Je voudrais également insister sur la culture du résultat et la culture du dernier kilomètre, car, traditionnellement, l'administration exerce son pilotage au moyen de la norme et du budget. Or, nous ne sommes pas sûrs que les Français voient l'impact d'une loi lorsqu'elle est votée. La DITP a donc créé, à la demande du Président de la République et du Premier Ministre, un outil qui permet de mesurer l'impact réel de l'action publique sur les territoires. L'enjeu est de s'assurer qu'une décision politique se concrétise dans la vie de nos concitoyens.

Suite à la remise du rapport de Messieurs Taquet et Serres, lequel a mis en évidence les difficultés que rencontrent les personnes en situation de handicap pour effectuer leurs démarches, le gouvernement a pris deux décisions importantes : la réduction du délai d'accès aux allocations dédiées aux adultes handicapés et le droit à vie.

Dans les maisons départementales pour les personnes handicapées (MDPH), les personnes handicapées devaient faire vérifier leurs droits régulièrement alors que certains handicaps n'évoluent pas. Le droit à vie a donc été créé, mais, aujourd'hui, il n'est pas garanti partout sur le territoire. C'est pourquoi nous en mesurons l'application dans chaque MDPH. Il revient ensuite au préfet de solliciter éventuellement le président du conseil départemental.

Dans cette nouvelle approche, l'impact concret des lois et des décisions politiques prime sur les normes et le budget. Une partie de ce système de pilotage est publié dans le baromètre des résultats de l'action publique, car il est important que les objectifs fixés par le Parlement se retrouvent dans un système de pilotage qui garantit que la décision atteint effectivement le dernier kilomètre.

Enfin, je vous sais très attachés à l'efficacité opérationnelle. Elle représente finalement l'enjeu de simplification, car la simplification normative par le haut est créatrice de normes. Nous avons donc choisi une approche centrée sur l'usager.

 · La complexité est d'abord appréhendée par les Français en matière de délais. Les procédures et les services doivent donc être organisés pour que le service public soit rendu plus rapidement. Pour ce faire, nous développons le lean management avec une équipe de consultants et nous avons doté le fonds de transformation de l'action publique (FTAP) de 40 millions d'euros.

 · Le numérique reste insuffisant. Le programme de France Services, développé par l'Agence nationale de la cohésion territoriale (ANCT), représente un outil de reconquête du territoire et des quartiers de politique de la ville (QPV).

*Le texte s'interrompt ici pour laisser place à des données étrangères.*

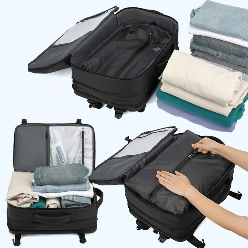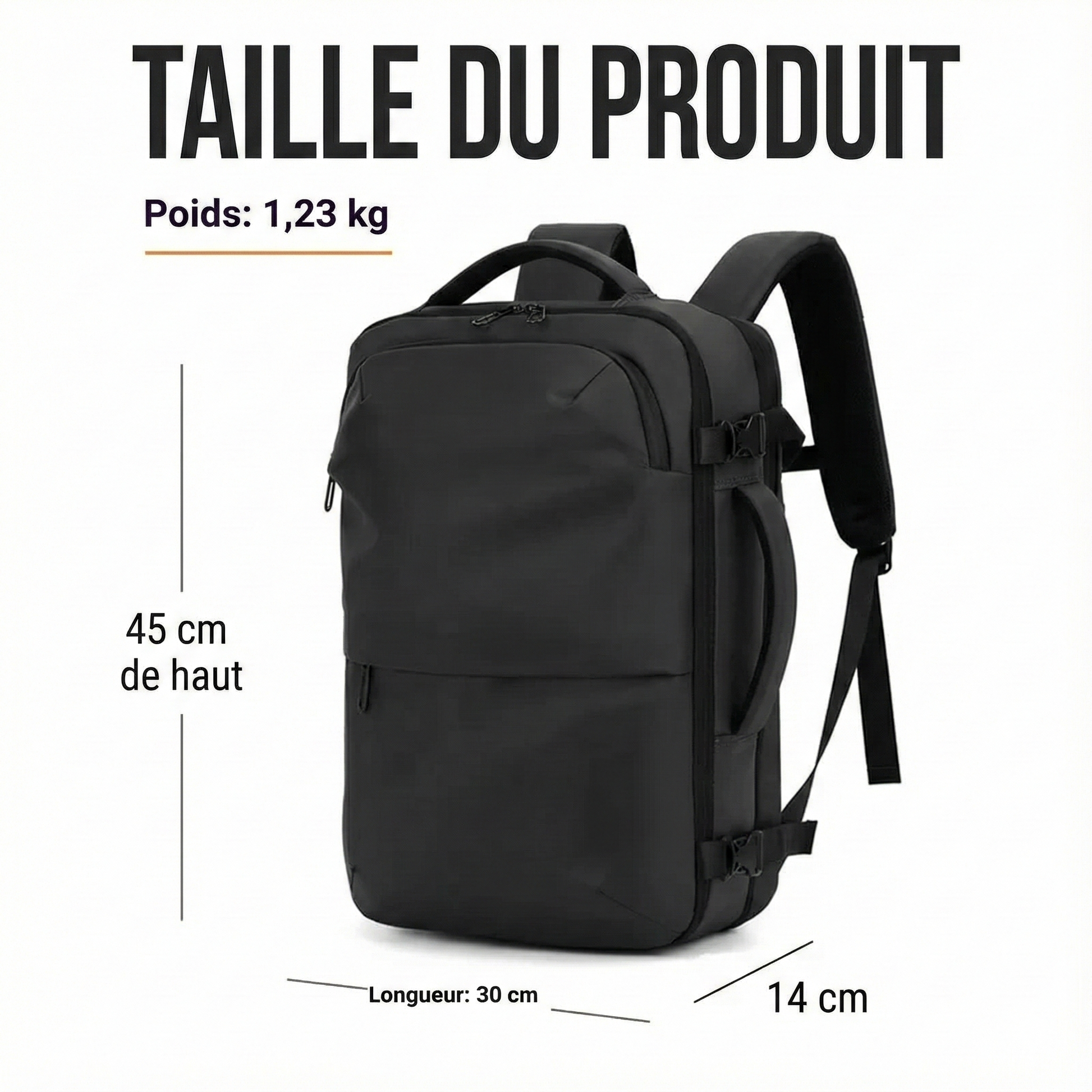 Ce sac est pensé pour ceux qui détestent choisir. Grâce à son compartiment vacuum, tu emportes plus d’affaires, sans sacrifier la taille cabine ni ton confort.

À Rouen, la mairie, les associations, les organismes de service public et l'État collaborent pour apporter une réponse à l'usager.

Le téléphone a été sous-estimé ces dernières années. Or, les Français ne le souhaitent pas : la présence humaine au téléphone reste importante pour rassurer l'utilisateur lorsqu'il suit les procédures administratives.

Nous travaillons également pour rendre les démarches numériques plus accessibles.

Enfin, le programme « Services Publics + » vise l'efficacité opérationnelle. Il définit plusieurs engagements dont les résultats sont ensuite mesurés et publiés sur une plateforme. Il donne également la possibilité aux usagers de partager directement et publiquement leur retour d'expérience.

Cette plateforme nous permettra d'échanger avec les citoyens et de comprendre les grands irritants récurrents, car les agents sont portés par des engagements partagés (droit à l'erreur, confiance, empathie, délais). Nous souhaitons que toutes les parties prenantes (agents, usagers, élus) s'engagent dans un process d'amélioration continue pour installer la confiance au niveau territorial.